→ WORK INSTRUCTION
Before anything else, drop the pictures; then return exactly the lines from the top of the listing through the line with "GEOS Forecast Cloud".

→ PROVIDED MATERIAL
################

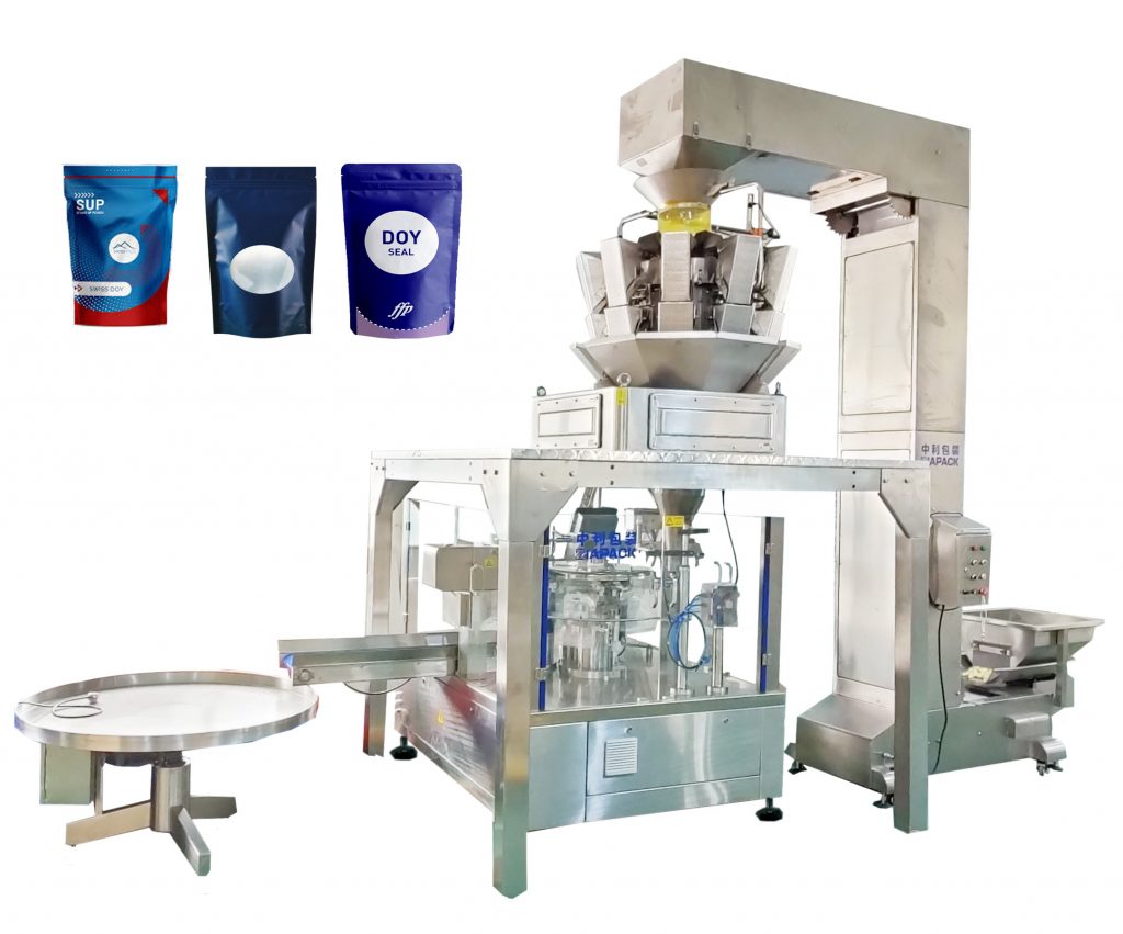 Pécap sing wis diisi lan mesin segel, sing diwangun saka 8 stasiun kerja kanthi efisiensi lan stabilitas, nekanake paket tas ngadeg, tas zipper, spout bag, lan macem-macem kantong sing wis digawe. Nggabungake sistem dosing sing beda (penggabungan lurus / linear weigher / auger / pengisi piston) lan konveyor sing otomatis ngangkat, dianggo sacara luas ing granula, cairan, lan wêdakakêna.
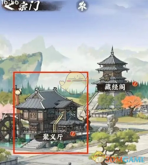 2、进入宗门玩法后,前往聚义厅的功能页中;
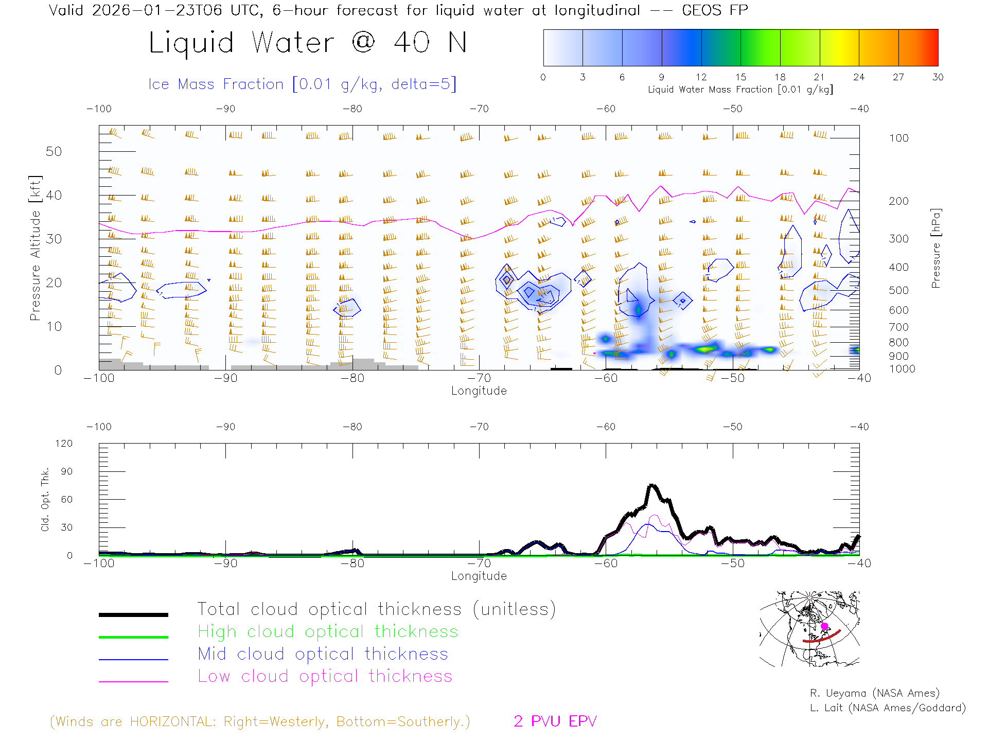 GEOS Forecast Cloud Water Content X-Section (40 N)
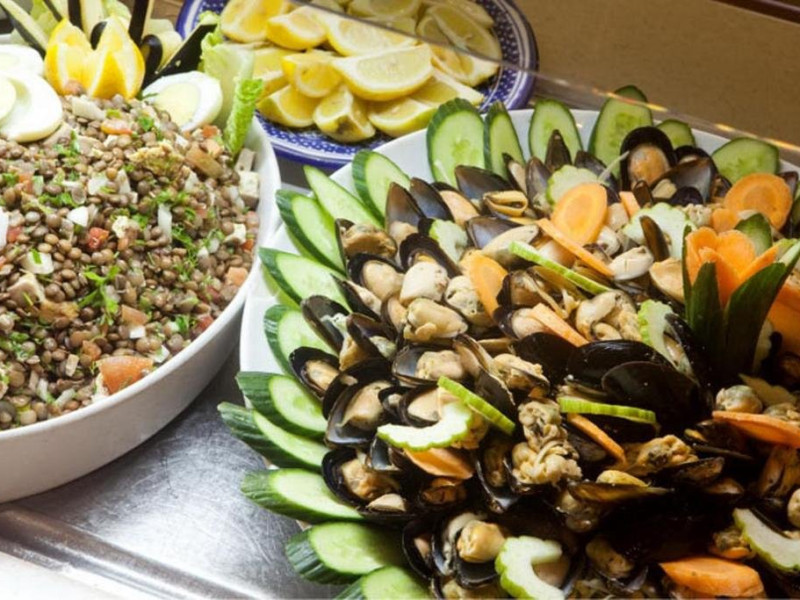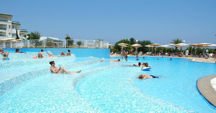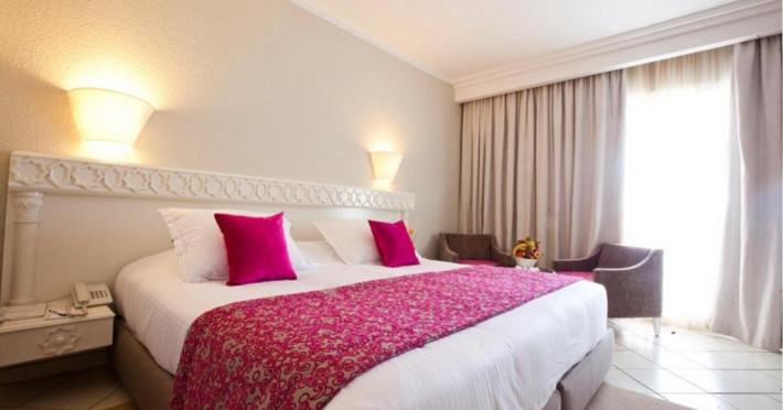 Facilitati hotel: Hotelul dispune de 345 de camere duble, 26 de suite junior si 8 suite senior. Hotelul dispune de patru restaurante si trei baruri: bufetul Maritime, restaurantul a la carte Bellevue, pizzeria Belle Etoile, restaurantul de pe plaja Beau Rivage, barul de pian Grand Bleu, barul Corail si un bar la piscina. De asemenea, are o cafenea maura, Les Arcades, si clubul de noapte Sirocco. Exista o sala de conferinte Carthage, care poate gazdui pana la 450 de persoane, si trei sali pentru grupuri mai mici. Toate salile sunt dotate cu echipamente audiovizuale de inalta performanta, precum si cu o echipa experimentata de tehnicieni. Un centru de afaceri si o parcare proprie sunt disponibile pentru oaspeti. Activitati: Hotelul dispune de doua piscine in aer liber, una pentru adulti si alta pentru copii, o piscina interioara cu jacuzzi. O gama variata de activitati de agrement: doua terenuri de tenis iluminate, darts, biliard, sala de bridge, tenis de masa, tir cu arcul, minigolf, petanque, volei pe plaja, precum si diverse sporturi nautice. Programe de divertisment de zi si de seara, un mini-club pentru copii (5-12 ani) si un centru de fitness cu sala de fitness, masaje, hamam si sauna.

################

→ EXERCISE OUTPUT
 Pécap sing wis diisi lan mesin segel, sing diwangun saka 8 stasiun kerja kanthi efisiensi lan stabilitas, nekanake paket tas ngadeg, tas zipper, spout bag, lan macem-macem kantong sing wis digawe. Nggabungake sistem dosing sing beda (penggabungan lurus / linear weigher / auger / pengisi piston) lan konveyor sing otomatis ngangkat, dianggo sacara luas ing granula, cairan, lan wêdakakêna.
 2、进入宗门玩法后,前往聚义厅的功能页中;
 GEOS Forecast Cloud Water Content X-Section (40 N)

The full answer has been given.